There are two other issues which I would like to point out. There is a clear distinction between accounting practice and tax matters. Yang's working papers would properly list each individual asset and calculate depreciation on an individual basis. The purpose of CCA schedules, however, is for a pooling of assets within a class (with the exception of Class 1 assets which need to be kept separate according to the Income Tax Act). I see there are three items of equipment, all separately listed as Class 8 on three separate lines. These should have been accumulated in reported as total purchases of $1,168 on one line only. Why? The amounts here are rather immaterial, but let's just speculate that Widget A, costing $441, wasn't useful to company any more in year 2. It was sold for $440. You now have an "unforced" tax error. Widget A was sold for just $1 less than the original cost, but since it was reported as a separate item on one line with CCA claimed of $12, Profile will show a recapture of depreciation of $11. From an accounting perspective yes, there is a gain on disposal of an asset. But for tax purposes, all that should be done is decrease the Class 8 pool by $440 with no recapture.

The same procedure should have been followed for those three computers individually listed as Class 50 assets. They need to be pooled. So both Classes 8 and 50 face potential incorrect tax treatment down the road the way Schedule 8 is set up.

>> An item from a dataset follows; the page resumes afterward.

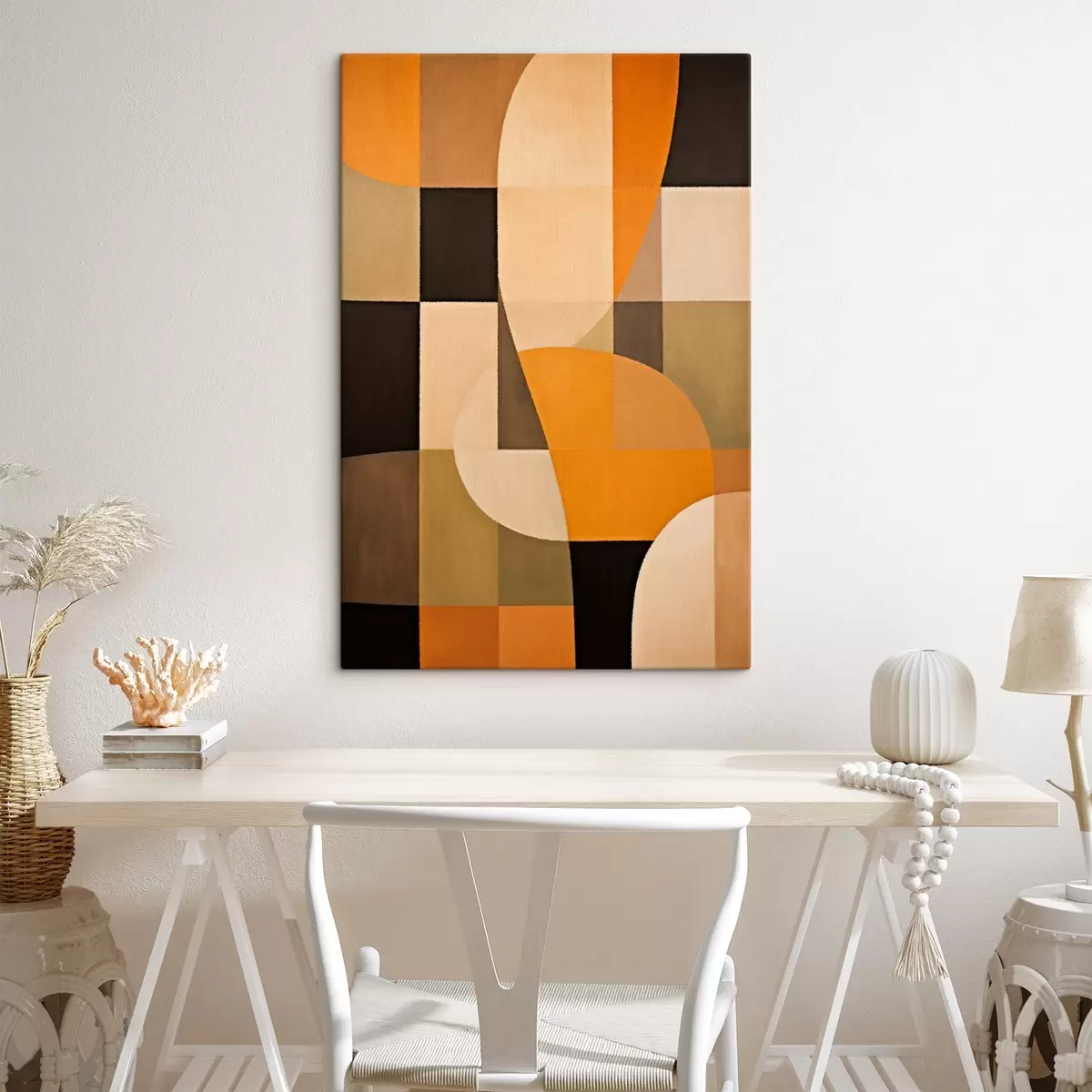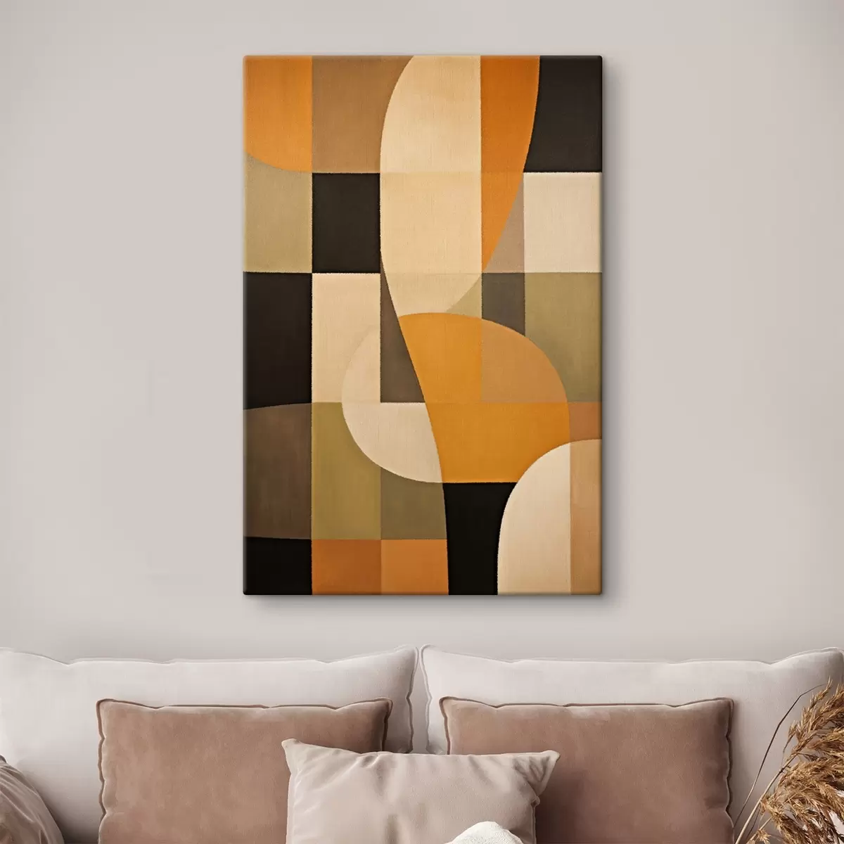 Obraz Patchwork z obdĺžnikov s hladkým oranžovým oblúkom Nr. s46534

My other issue is purely for convenience and has no effect on taxes. In the initial year, I prefer to enter assets to Schedule 8 in order of class number. By doing that, you have a numerical ranking of classes with Class 8, followed by 10, 14.1 and 50. This is purely cosmetic and naturally gets messed up anyway when this company, for example, bought a building in year two and has to add Class 1 to the schedule. This, being a later addition, will automatically fall at the bottom of the list.